Dans mes cours il est important de laisser chacun choisir son parfum en fonction de son état d’esprit actuel. Ça peut être la même chose pendant des mois jusqu’à ce qu’un jour, on passe à un autre. Juste un autre rappel que nous sommes en constante évolution.

L’ouïe fait également partie des éléments que tu mets en avant à travers les sons émis par les bols tibétains. Peux-tu nous parler de ce que ces sons réveillent en nous ? De leurs différents pouvoirs aussi. 

J’utilise mon bol tibétain pour marquer le début et la fin du cours. Il y a quelque chose de très émouvant dans les vibrations du bol. Très apaisant. Je pourrais peut-être en faire plus pour incorporer le bain sonore dans mes cours. Pour l’instant, j’aime inclure différents types de musique en fonction de l’heure de la journée à laquelle je donne mes cours. La musique est comme un parfum, elle évoque des émotions en un instant. Pendant le Yin yoga, elle peut nous accompagner pendant que nous maintenons l’espace et que les émotions surgissent.

Parlons de ta rencontre avec le Yin Yoga. Qu’est ce que cette pratique te procure ? Qu’est ce qu’elle t’a apportée dans ta vie de femme, de mère et d’entrepreneur ?

Le Yin yoga est un outil incroyablement puissant qui nous aide à cultiver le calme. J’aime dire que ‘le calme est une superpuissance’. C’est comme une personne discrète qui a une âme profonde. C’est beau. La pratique du Yin en tant que travail énergétique me fascine car nous sommes souvent tellement concentrés sur l’obtention de ce dont nous avons besoin de l’extérieur que nous oublions que nous avons tout ce dont nous avons besoin à l’intérieur. J’enseigne le Yin Yoga combiné avec la respiration et les parfums comme un outil de transformation pour nous reconnecter à notre intérieur en stimulant nos sens. Ce qui est le plus important, c’est la vulnérabilité de chacun de nous dans la pratique. le lâcher prise . En me guérissant du passé, je veux partager avec les clients des moyens de surmonter le passé ou les histoires actuelles dans lesquelles ils peuvent se sentir bloqués. Les aider à se reconstruire par leur propres forces intérieures est mon principal but dans mon coaching holistique.

Comment celle-ci permet de lâcher prise ? 

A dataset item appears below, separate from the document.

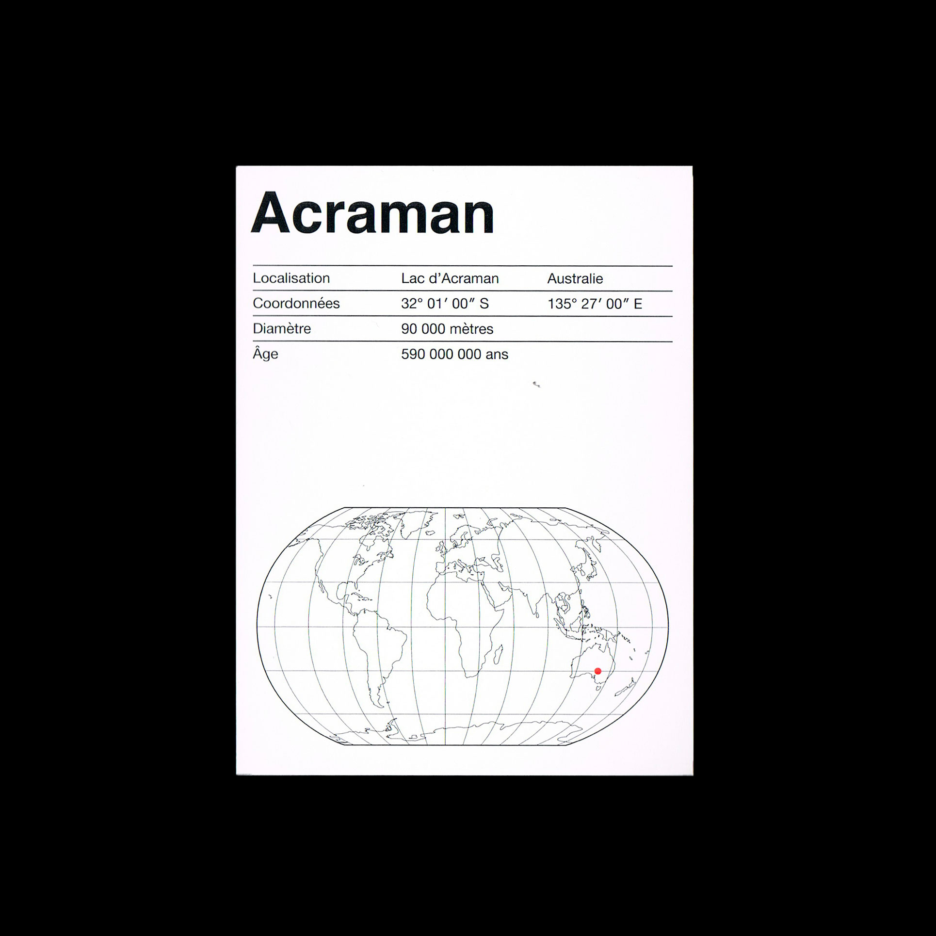 an index of all the times planet Earth was hit by a meteorite, designed as a cards game.

Dans le Yin Yoga, nous libérons physiquement l’action et la contraction des muscles. En tenant les poses pendant quelques minutes dans l’immobilité et le silence, nous avons le temps d’aller vers l’intérieur, en descendant de notre être intellectuel à une personne émotionnellement connectée. Nous pratiquons la pleine conscience. Notre cerveau se détend. Nous puisons dans le système nerveux parasympathique, pour nous reposer et nous restaurer. Et si vous restez assez longtemps et que vous allez assez profondément, vous re-boostez votre Chi, votre énergie intérieure qui se sent incroyablement autonome. Ainsi, vous pouvez vous sentir suffisamment en sécurité pour lâcher prise et suivre le courant. Vous devez le pratiquer pour le ressentir. Ça ramène un grand sentiment d’appartenance et de stabilité.

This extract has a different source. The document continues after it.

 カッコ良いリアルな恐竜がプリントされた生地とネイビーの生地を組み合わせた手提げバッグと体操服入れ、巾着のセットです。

As-tu des livres de développement personnel, des podcasts, qui t’ont aidé dans ta re-connexion avec toi-même ?

J’adore lire, hélas je suis une lectrice très lente donc ma bibliothèque est pleine de livres que j’admire. J’ai beaucoup aimé l’autobiographie de A. Singer dans «The Surrender Experiment» et les histoires de la vie de Dan Brule dans son livre «Just Breathe»., Ma copine Susan Oubari a écrit un livre sur la respiration dernièrement aussi. Un documentaire fascinant sur le pouvoir de la mise à la terre avec le Dr Stephen T Sinatra m’a fait acheter son livre «Earthing» que j’ai hâte de lire. Sinon, j’adore écouter le Dr Andrew Huberman sur les neurosciences. Je suis une fan !

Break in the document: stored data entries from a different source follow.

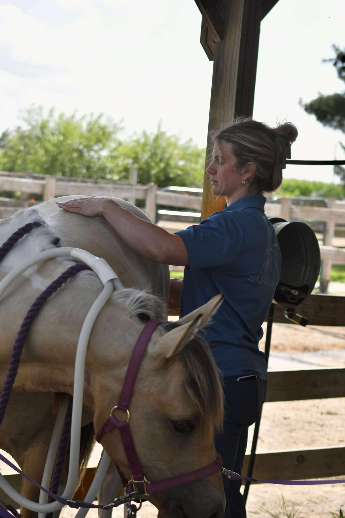 "I am so thankful to have found Chloe! Not only is she extremely knowledgeable, she is also very in tune with the horse and does everything at their pace. I can always trust that she won’t push my sensitive mare’s boundaries and isn’t afraid to let me know if the horse is nearing their tolerance threshold.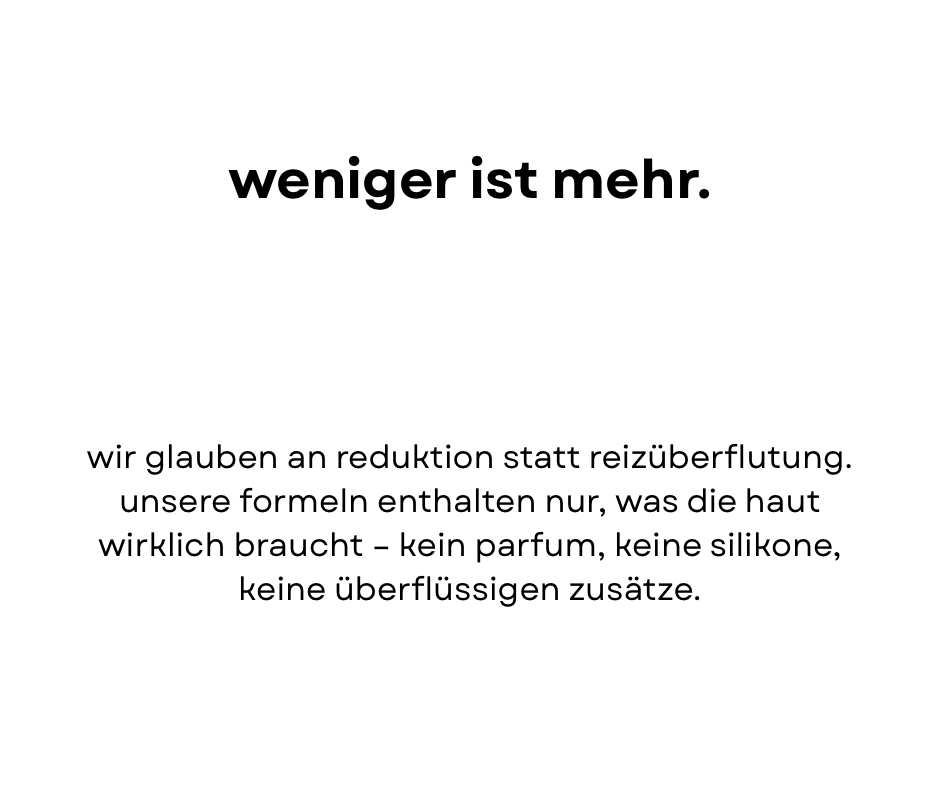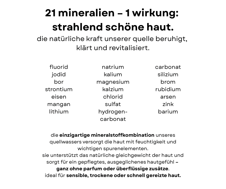 Unsere Pflege basiert auf reinem Quellwasser mit 21 Mineralien – sanft formuliert, vegan und frei von allem Überflüssigen.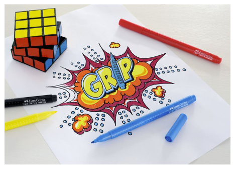 Grip colour markers have an ergonomic shape while the raised dot surface ensures a secure grip

Quelle est ta définition de la beauté ?

Je crois en la beauté intérieure – elle éclaire et brille à travers notre peau – et lorsqu’elle est combinée avec soin et empathie – vous rayonnez.

Un mot pour les lectrices d’Holissence ? 

Je suis très honorée de pouvoir répondre à ces questions pour Holissence, d’inspirer les femmes et de tendre la main aux lectrices. En ces temps de crise, ne soyons pas si dures avec nous-mêmes. Cultivez la légèreté et souriez souvent. “ Nothing is impossible, the word itself says I am possible” (Rien n’est impossible, le monde lui-même clame que ça l’est) – Audrey Hepburn.